Градус веселья поднимался пропорционально выпитому, как ракета в космос. Музыка становилась ритмичнее, громче, блюз сменился рок-н-роллом. Толпа завелась и превратилась в одну большую компанию. Нам наливали водку, шампанское, пиво. Толкаясь, люди проливали алкоголь, но никто не обращал на это внимание. Танцы на глазах превратились в адские скачки. Все без стеснения лапали всех. Девка рядом прижалась ко мне и полезла рукой в шорты.

‒ Пойдем выйдем, ‒ предложил я хулиганке.

‒ Не торопись. Позже… ‒ улыбнулась телка.

Веселая, молодая, пьяная, она нравилась мне все больше. Глядя на нас, возбудился Веник и прошипел в ухо:

– Смотри не ляпни, что на рынке торгую! – и представился: ‒ Вениамин. Бизнесмен из Москвы!

В час ночи безобразия достигли апогея. Хлопнув пробками, парни открыли шампанское и, как на «Формуле», начали поливать все вокруг. Пример поддержали другие. Музыканты, спасая аппаратуру, задернули штору и заиграли совсем забойное. Особенно досталось молодым девочкам. Специально без лифчиков, в мокрых майках они смело трясли сиськами. Плохо соображая, что делаю, я влез на стол и, давя посуду, под аплодисменты забил степ. Девка восхищенно смотрела на меня и не отходила.

Память вернулась, когда рассвело. Музыканты ушли, по разгромленному пабу сновали пьяные тени. Веник, девка и я сидели в легкой прострации и тянули пиво. Меня рубило, однако богиня ждала «подвига».

Нырнув в Волгу, я потащил ее за собой. Возврат к жизни оказался недолгим: организм хотел только спать. Телка разочарованно вздохнула.

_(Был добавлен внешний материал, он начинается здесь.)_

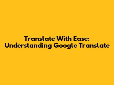 Translate With Ease: Understanding Google Translate

– Предлагал же выйти! – оправдывался я.

Увидев мое фиаско, Веник поскакал к ней. Его писюн гордо стоял! Повозившись, она не дала ему, а на берегу подошла снова. Появился второй шанс, и я предложил отдохнуть.

Немного покемарив, вновь сошлись. Пляж и лес кишели отдыхающими, и мы полезли в палатку.       Ее тонкий брезент создавал иллюзию уединения. Девица, такая смелая ночью, вела себя скромно, не вызывая ни радости, ни эрекции. Она предупредила, что муж заражал ее, и она лечилась. Новость окончательно убила шевеление в трусах, и я предложил ограничиться минетом.

‒ Снова не хочешь? – насупилась девка.

‒ Хочу. Правда, как сделать это, не знаю…

У костра начали колоть дрова, а потом орать.

‒ Где Алексей? ‒ я узнал голос Веника.

‒ В палатке, бабу ебет, ‒ ответили ему.

Не поддержать реноме я не мог и, вопреки обстоятельствам, телка застонала подо мной. Вокруг все стихло. Лес, затаившись, слушал нас.

Дорога в Москву забрала последние эмоции. На вокзале в Нижнем нас ждало дежавю: тот же вагон, те же места, то же разбитое окно. «Мальчики, опять вы!» ‒ как родным, улыбнулась знакомая проводница. Требовать «СВ» не смог даже Веник.

На следующий год в Анапе серфингисты спросили, где я катался раньше. Я рассказал.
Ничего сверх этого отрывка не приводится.